**DATASET EXCERPTS:**
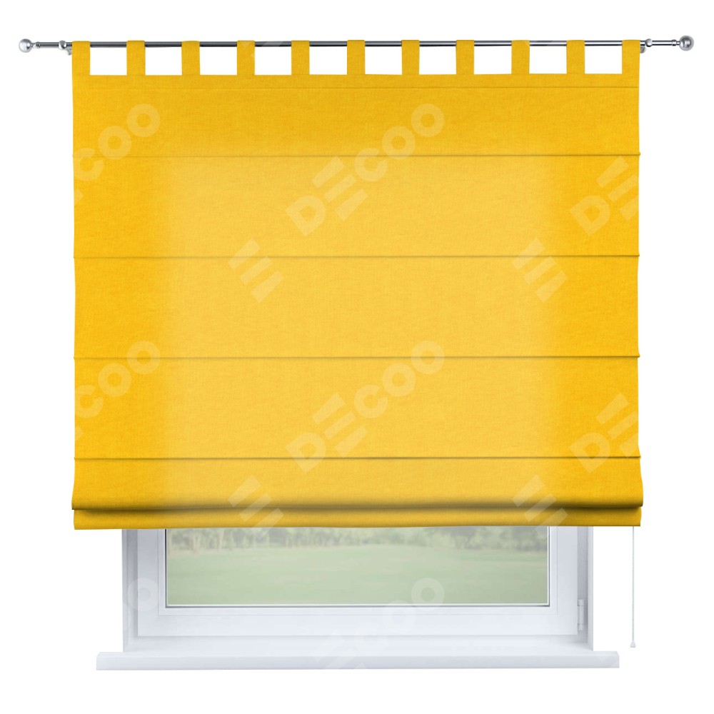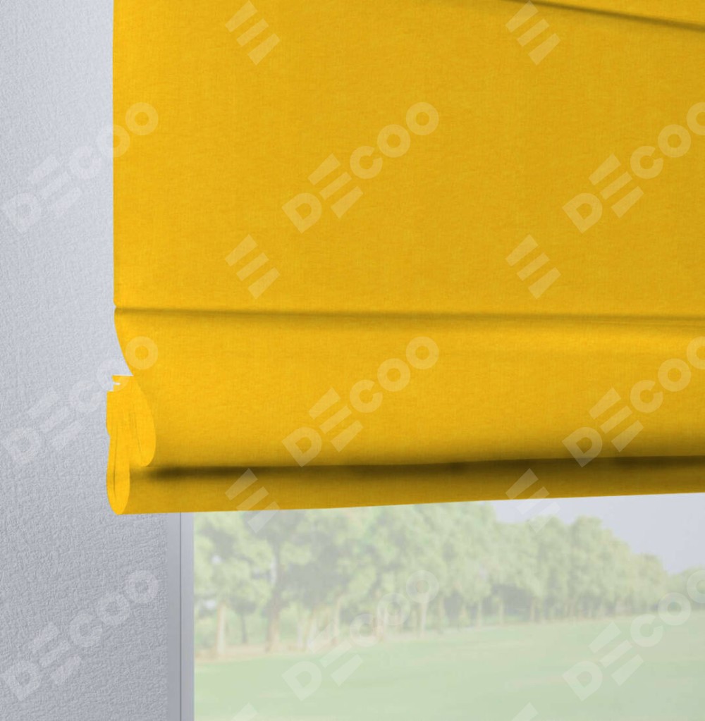 Римская штора производителя «Cortin», используется для проёма, пошита из ткани канвас желтый, артикул ткани v-344. Данная модель пошита на петлях, комплектуется на выбор круглым карнизом и подходит для монтажа на стену. Римская штора на петлях имеет простую систему регулировки высоты, отличительным преимуществом данной модели является простой способ монтажа. Достаточно повесить ее на трубу и штора готова!
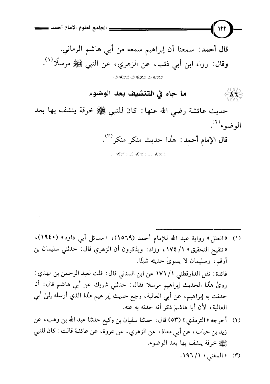 (¬2) أخرجه "الترمذي" (53) قال: حدثنا سفيان بن وكيع حدثنا عبد اللَّه بن وهب، عن زيد بن حباب، عن أبي معاذ، عن الزهري، عن عروة، عن عائشة قالت: كان للنبي -صلى اللَّه عليه وسلم- خرقة ينشف بها بعد الوضوء.
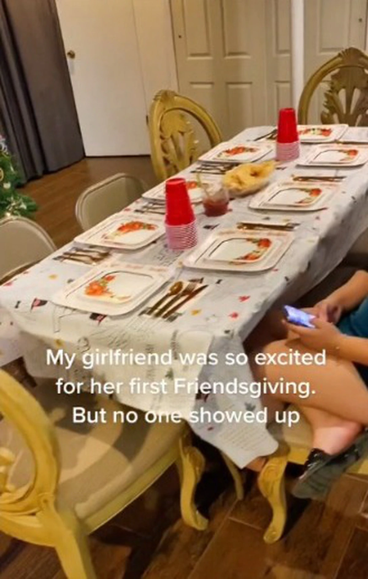 Una jovencita hizo una cena de Día de Acción de Gracias, pero nadie fue, según se muestra en un video que se hizo viral en TikTok.
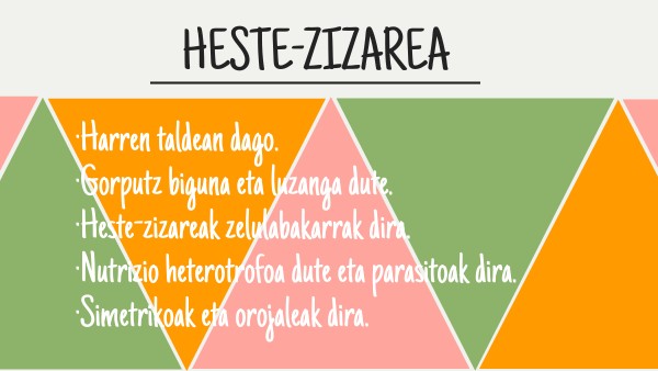 ·Harren taldean dago. ·Gorputz biguna eta luzanga dute.·Heste-zizareak zelulabakarrak dira. ·Nutrizio heterotrofoa dute eta parasitoak dira. ·Simetrikoak eta orojaleak dira.
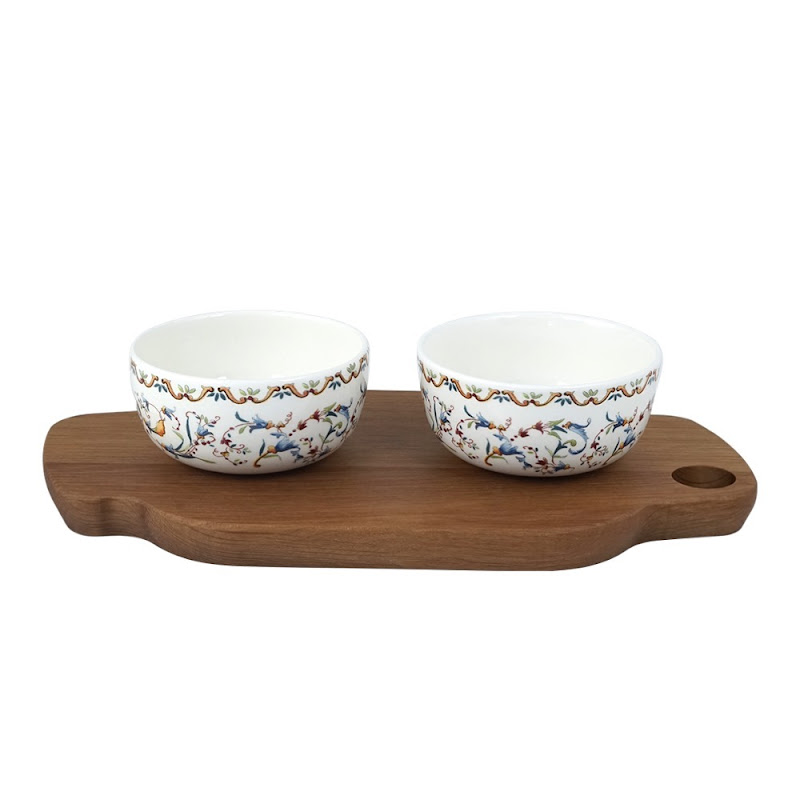 | Aperitief set, 2 dipschaaltjes op houten plateau
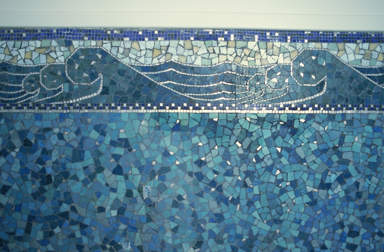 Détail de la mosaïque murale de la salle de bainImmatriculation
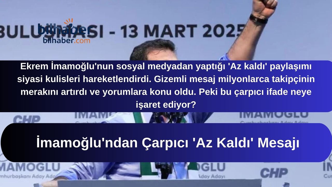 Ekrem İmamoğlu, 27 Kasım 2025 tarihinde sosyal medya hesabından yaptığı paylaşımla gündeme bomba gibi düştü. İstanbul Büyükşehir Belediye Başkanı'nın "Az kaldı" ifadesiyle yaptığı paylaşım, siyasi çevrelerde ve kamuoyunda yoğun bir merak ve tartışma ortamı yarattı. İmamoğlu'nun bu gizemli mesajının neye işaret ettiği, hangi projeyi veya siyasi gelişmeyi ima ettiği, sosyal medyada saatlerce konuşuldu ve binlerce yorum aldı.

**WORK TO BE COMPLETED:** Restate the material above word for word, dropping the pictures.

**PROBLEM SOLUTION:**
 Римская штора производителя «Cortin», используется для проёма, пошита из ткани канвас желтый, артикул ткани v-344. Данная модель пошита на петлях, комплектуется на выбор круглым карнизом и подходит для монтажа на стену. Римская штора на петлях имеет простую систему регулировки высоты, отличительным преимуществом данной модели является простой способ монтажа. Достаточно повесить ее на трубу и штора готова!
 (¬2) أخرجه "الترمذي" (53) قال: حدثنا سفيان بن وكيع حدثنا عبد اللَّه بن وهب، عن زيد بن حباب، عن أبي معاذ، عن الزهري، عن عروة، عن عائشة قالت: كان للنبي -صلى اللَّه عليه وسلم- خرقة ينشف بها بعد الوضوء.
 Una jovencita hizo una cena de Día de Acción de Gracias, pero nadie fue, según se muestra en un video que se hizo viral en TikTok.
 ·Harren taldean dago. ·Gorputz biguna eta luzanga dute.·Heste-zizareak zelulabakarrak dira. ·Nutrizio heterotrofoa dute eta parasitoak dira. ·Simetrikoak eta orojaleak dira.
 | Aperitief set, 2 dipschaaltjes op houten plateau
 Détail de la mosaïque murale de la salle de bainImmatriculation
 Ekrem İmamoğlu, 27 Kasım 2025 tarihinde sosyal medya hesabından yaptığı paylaşımla gündeme bomba gibi düştü. İstanbul Büyükşehir Belediye Başkanı'nın "Az kaldı" ifadesiyle yaptığı paylaşım, siyasi çevrelerde ve kamuoyunda yoğun bir merak ve tartışma ortamı yarattı. İmamoğlu'nun bu gizemli mesajının neye işaret ettiği, hangi projeyi veya siyasi gelişmeyi ima ettiği, sosyal medyada saatlerce konuşuldu ve binlerce yorum aldı.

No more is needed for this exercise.